Summary for GSoC 2020

Hist: histogramming for analysis powered by boost-histogram

About Hist

Code | Docs

Brief Description

The Scikit-HEP project is a collection of several dozen packages intended to facilitate the use of Python in High Energy Physics. One of the major fronts of development is in histogramming; a majority of HEP analysis is heavily reliant on histograms. To this end, a new Python package was introduced for histogramming in Scikit-HEP, boost-histogram (BH), which is intended to be a core package for histogramming with no dependencies. In this summer, we started to implement an analysis-friendly package hist, built on top of BH and provided commonly expected histogramming features. This package allowed a wider range of dependencies and features not admissible in the core package.

New Features

As BH is a non-dependency wheel, we enhance it for more convinient usage. Specifically, in the lifecycle of a histogram,

  1. Hist allows users to serialize and deserialize BH's histograms from .root, .pkl format, and makes sure Scikit-HEP tools to communicate well.
  2. Hist provides more convinient methods for initialize histograms, you can use Axis, Storage, and Transform Proxy for initialization. Moreover, two types of histograms are given for different usage, Hist is the general one and NamedHist is name-oriented.
  3. Hist give users more choices to do some manipulations. Users can use axis names to fill, project, and access. Plus, complex numbers are also allowed in hist to access bins.
  4. Some of the functions of hist facilitate several statistics tools in Scipy and iminuit to analysis data.
  5. Hist offers amazing visualization tools to show the histograms of one or two dimensions. Furthermore, SVG repr format is allowed in hist.
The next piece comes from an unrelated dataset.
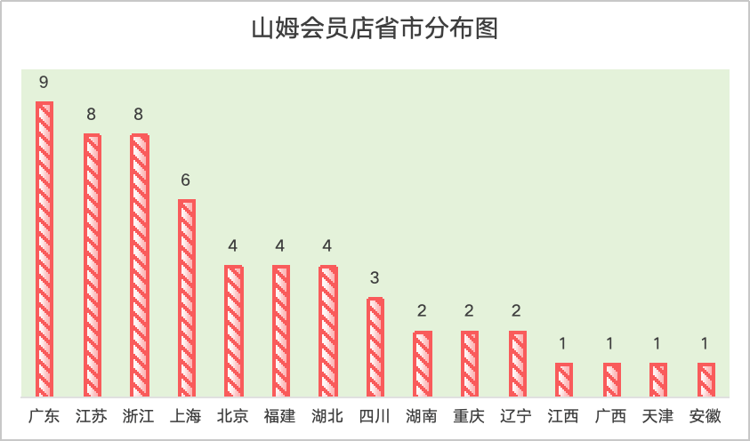 值得一提的是5月和6月份新增的山姆會(huì)員商店中,廣州荔灣山姆會(huì)員商店,北京昌平山姆會(huì)員商店和上海浦東山姆會(huì)員商店三家門店均位于一線城市。

All of these features are under careful discussions and considerations, and are tested thoroughly. And we are confidnet that users will benefit from them.

Basic Usage

This simple demo briefly shows how to use hist.

import hist

# You can create a histogram like this.
h = (
  hist.Hist()
  .Reg(10, 0 ,1, name="x", label="x-axis")
  .Variable(range(10), name="y", label="y-axis")
  .Int64()
)

# Filling by names is allowed in hist.
hist.fill(y=[1, 4, 6], x=[3, 5, 2])

# New ways to manipulate the histogram.
h.project("x")
h[{"y": 1j + 3, "x": 5j}]
...

# Elegant plotting functions.
h.plot()
h.plot2d_full()
h.plot_pull(Callable)
...

Future Works

Though working hard, there is still room for further improvement:

  • We will include more statistic tools from Scikit-HEP system, e.g., interpolation.
  • We will add hist into Scikit-HEP wheel when it's more mature, i.e., users can use from skhep.hist import ....
  • We will paramize the tests to make it more concise and overarching.
  • We will better the existing codes, and keep finding the bugs.
  • We will perfect the community of hist, making a Stackoverflow tag, gitter channel, etc.
  • We will use Qt to build a front-end for hist.

GSoC Milestones

Note that milestones might be deprecated over time (could be removed in the future), releases are relatively stable.

Project Deliverables

Version 2.0.0 (UPCOMING)

python -m pip install hist

Big Events

Others

Acknowledgements

First, I would like to thank Google Summer of Code to provide me such an amazing opportunity to work with professional and responsible mentors. Second, I would like to express particular thanks to my mentor Henry and Jim. We communicate and discuss hist's development almost everyday to make it a better project. In the end, I would like to thank National Science Foundation to support for this work.

Hist: Histogramming for Analysis powered by Boost-histogram

The IRIS-HEP Talk - Memo

Hello everyone, this is Nino. In this summer, I'm working on building a histogramming tool for High Energy Physics, which is part of the Scikit-HEP project in IRIS-HEP. Then let me give a brief introduction about my work.


The Scikit-HEP is a community-driven project with the aim of providing Particle Physics at large with an ecosystem for data analysis in Python. One of the most amazing tools in Scikit-HEP is boost-histogram, which is the Python binding for the C++14 Boost::Histogram Library. This is of the fastest libraries for histogramming, while still providing the power of a full histogram object and supporting various types of histogramming manipulations. You can see the new features of boost-histogram on its website.


Based on boost-histogram, we implemented an analysis-friendly package, hist, built on top of boost-histogram, and provided commonly expected histogramming features. This package allowed a wider range of dependencies and features that not admissible in the core package and can be installed from pip or conda.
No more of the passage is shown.